Deloitte Human Capital Trends 2019 shows a significant rise in social enterprises in 2019 and exposes shifting values from customer and employee satisfaction to external societal impact (e.g. diversity, inequality, environment) as “top factor used to measure success when evaluating annual performance”. Utilising the services ‘at hand’ the big 4 play an active part in developing innovative entrepreneurship ideas and empowering social entrepreneurs across the country, who deliver impact locally and globally, through their training schemes.
The Nominet Trust Rankings 100 prove “that you don’t need to wait for governments to introduce policies or big business to provide the backing but that, with some enthusiasm and access to basic technology, it is possible to make a significant social impact”.

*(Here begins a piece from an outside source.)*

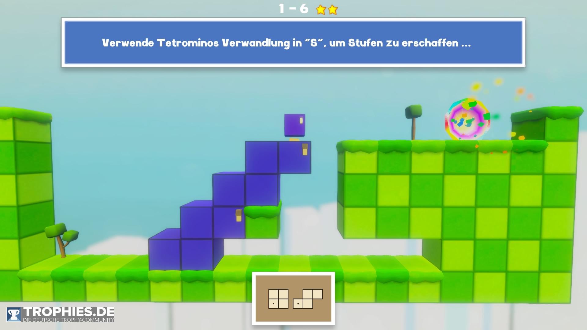 SB-28-SB Geschrieben 10. August 2018 Geschrieben 10. August 2018 (bearbeitet) Trophäen-Leitfaden - Tetra's Escape 1x 8x 9x 4x = 22 | Gesamtpunkte: 1230 Vierfach-Platin möglich durch Versionen PS4 (INT), PS4 (EU), PS4 (AS) und PS-Vita. Trophäen-Infos: Offline-Trophäen: 22 Online-Trophäen: 0 Verpassbare Trophäen: 0 Verbuggte Trophäen: 0 Automatische Trophäen: 10 Allgemeine Infos: Für Platin reicht es, lediglich alle Level bis zur sechsten Welt abzuschließen. Tetras können lediglich nur eine Kiste hoch springen. Dies machen sie aber nur, wenn sie auch vor einer Kiste stehen. freies Springen funktioniert nicht. Fallen Tetras mehr als drei Kisten tief, werden sie selbst zu einer Kiste umgewandelt. Im Hauptmenü gibt es unter "Statistiken" gibt es eine Übersicht, die für manche Trophäen hilfreich sein kann. Siehe Platin-Walkthrough. Siehe Trophäen-Roadmap. Welt 1 Schließe die 1. Welt ab. [Offline-Trophäe] Erhält man automatisch im Spielverlauf, wenn man die acht Level der ersten Welt abgeschlossen hat. Hier ein Videoausschnitt zu allen Leveln der ersten Welt. Erster Pokal Erhalte den 1. Pokal. [Offline-Trophäe] Um diese Trophäe zu erhalten, muss man seinen ersten Pokal in einem Level eingesammelt haben. Hat man in einem Level alle Sterne gesammelt, erscheint an irgendeiner Stelle im Level ein Pokal. Diesen gilt es einzusammeln, bevor man das Portal betritt, andernfalls muss man das ganze Level noch einmal wiederholen und alle Sterne erneut einsammeln, damit der Pokal wieder auftaucht. Erst nachdem man das Portal erreicht hat, wird die Trophäe freigeschaltet. Hinweis: Man kann vorher nicht erkennen, wo der Pokal erscheinen wird. Wenn man sich daher einen Weg mit den Tetras durch das Level bahnt, um an alle Sterne zu kommen, kann es sein, dass man die Tetras zwar alle gut platziert hat, um an die Sterne zu kommen, diese aber schlecht platziert wurden für die Pokale. Daher ist es manchmal notwendig, das Level zu wiederholen wenn man weiß, wo der Pokal auftaucht, um dann planen zu können, wo man sich mit den Tetras hinbewegen muss bzw. wie man die Tetrominos platzieren muss. 10 Tetras gerettet Rette mindestens 10 Tetras (Summe). [Offline-Trophäe] Erhält man automatisch im Spielverlauf, wenn man insgesamt zehn Tetras gerettet hat. Zehn Tetras hat man frühestens nach Level 1-4 gerettet. Und jetzt? Verwandle alle Tetras in Tetrominos und verliere ... [Offline-Trophäe] Hierfür muss man alle Tetras in einem Level zu Tetrominos verwandelt haben. Dies ist frühestens in Level 1-4 machbar. Einen Tetra wandelt man in einen Tetrominos um, indem man drückt. Nun wechselt man mit / bzw. / den Tetra und wiederholt dies, bis alle Tetras zu Tetrominos verwandelt wurden. Hier ein Videoausschnitt dazu. Welt 2 Schließe die 2. Welt ab. [Offline-Trophäe] Erhält man automatisch im Spielverlauf, wenn man die acht Level der zweiten Welt abgeschlossen hat. Hier ein Videoausschnitt zu allen Leveln der zweiten Welt. Welt 3 Schließe die 3. Welt ab. [Offline-Trophäe] Erhält man automatisch im Spielverlauf, wenn man die acht Level der dritten Welt abgeschlossen hat. Hier ein Videoausschnitt zu allen Leveln der dritten Welt. Welt 4 Schließe die 4. Welt ab. [Offline-Trophäe] Erhält man automatisch im Spielverlauf, wenn man die acht Level der vierten Welt abgeschlossen hat. Hier ein Videoausschnitt zu allen Leveln der vierten Welt. Sterne – 25% Erhalte ein Viertel der Sterne. [Offline-Trophäe] Für diese Trophäe muss man 25% aller Sterne, also 48 Stück, im Spiel eingesammelt haben. In jedem Level kann man drei Sterne einsammeln. Sammelt man alle Sterne, schaltet diese Trophäe frühestens nach Abschluss der zweiten Welt frei. Erst nachdem man das Portal im Level erreicht hat, wird die Trophäe freigeschaltet. Diese Trophäe ist mit der Trophäe "Pokale – 25%" kombinierbar. Pokale – 25% Erhalte ein Viertel der Pokale. [Offline-Trophäe] Für diese Trophäe muss man 25% aller Pokale, also 16 Stück, im Spiel eingesammelt haben. Hat man in einem Level alle Sterne gesammelt, erscheint an irgendeiner Stelle im Level ein Pokal. Diesen gilt es einzusammeln, bevor man das Portal betritt, andernfalls muss man das ganze Level noch einmal wiederholen und alle Sterne erneut einsammeln, damit der Pokal wieder auftaucht. Erst nachdem man das Portal im Level erreicht hat, wird die Trophäe freigeschaltet. Diese Trophäe ist mit der Trophäe "Sterne – 25%" kombinierbar. Hinweis: Man kann vorher nicht erkennen, wo der Pokal erscheinen wird. Wenn man sich daher einen Weg mit den Tetras durch das Level bahnt, um an alle Sterne zu kommen, kann es sein, dass man die Tetras zwar alle gut platziert hat, um an die Sterne zu kommen, diese aber schlecht platziert wurden für die Pokale. Daher ist es manchmal notwendig, das Level zu wiederholen wenn man weiß, wo der Pokal auftaucht, um dann planen zu können, wo man sich mit den Tetras hinbewegen muss bzw. wie man die Tetrominos platzieren muss. 100 Tetras gerettet Rette mindestens 100 Tetras (Summe). [Offline-Trophäe] Erhält man automatisch im Spielverlauf, wenn man insgesamt 100 Tetras gerettet hat. 100 Tetras hat man frühestens nach Level fünf in der vierten Welt gerettet. 1.000 Bewegungen Laufe über 1.000 Kisten (Summe). [Offline-Trophäe] Hierfür muss man insgesamt über 1.000 Kisten gelaufen sein. Mit Kisten sind die zweifarbigen in abwechselnder Reihenfolge angeordneten Würfel gemeint, aus denen ein Level aufgebaut ist. Etwas vergessen? Schließe ein Level ohne Sterne ab. [Offline-Trophäe] Damit man diese Trophäe erhält, muss man ein Level abgeschlossen haben, ohne dass man einen einzigen Stern eingesammelt hat. Das Level 3-2 eignet sich besonders gut dafür. Ein Bild dazu im Spoiler: Spoiler Der Boden ist Lava Verbrenne alle Tetras in einem Level. [Offline-Trophäe] Um diese Trophäe zu erhalten, muss man alle Tetras in einem Level verbrannt haben. Damit man ein Tetra verbrennt, muss man mit diesem ins Feuer laufen. Am frühesten kann man

Yet, with the increasingly tense political climate, there is a limit to individual good will, determination and financial capabilities to turn profit into social good. The Social Enterprise Global Poll 2019 (by Thomson Reuters Foundation and Deutsche Bank’s ‘Made for Good’ initiative) positions the UK 13th on the list of countries in which social entrepreneurs thrive – encouraged by: government support; attracting skilled staff; public understanding and changing attitudes towards social businesses; making a living; gaining momentum at the launch and growth stage; access to investments.
Peter Holbrook, CEO, Social Enterprise UK commented on UK’s performance; “the nature of social entrepreneurs is that they are focused and determined about resolving an issue – and they won’t let the lack of political capital or economic uncertainty distract them from their purpose“. Expert’s views substantiate that social enterprises work for the social, environmental and economic betterment without blindly awaiting legislative changes. However, the regulatory environment ought to welcome their growth and actively prevent from lingering outside its frameworks.
Social Investment Tax Relief (SITR) was set up in 2014 to bridge the funding gap for social enterprises, enable organisations to offer their investors tax relief, and ultimately increase availability of capital. Since it launched, for 3 tax years, ‘only 50 social enterprises have raised funds of £5.1m through the scheme’. This is a disappointing result to all in the social investment sphere and not nearly enough from the government to incentivise constructive social change, with SITR waning in strength, importance and influence.
The upward trend of social enterprises, increasingly favoured by variety of stakeholders and the civil society, calls for further engagement of the public and private sector to enable them to scale the impact they deliver and profitably succeed in the business sphere.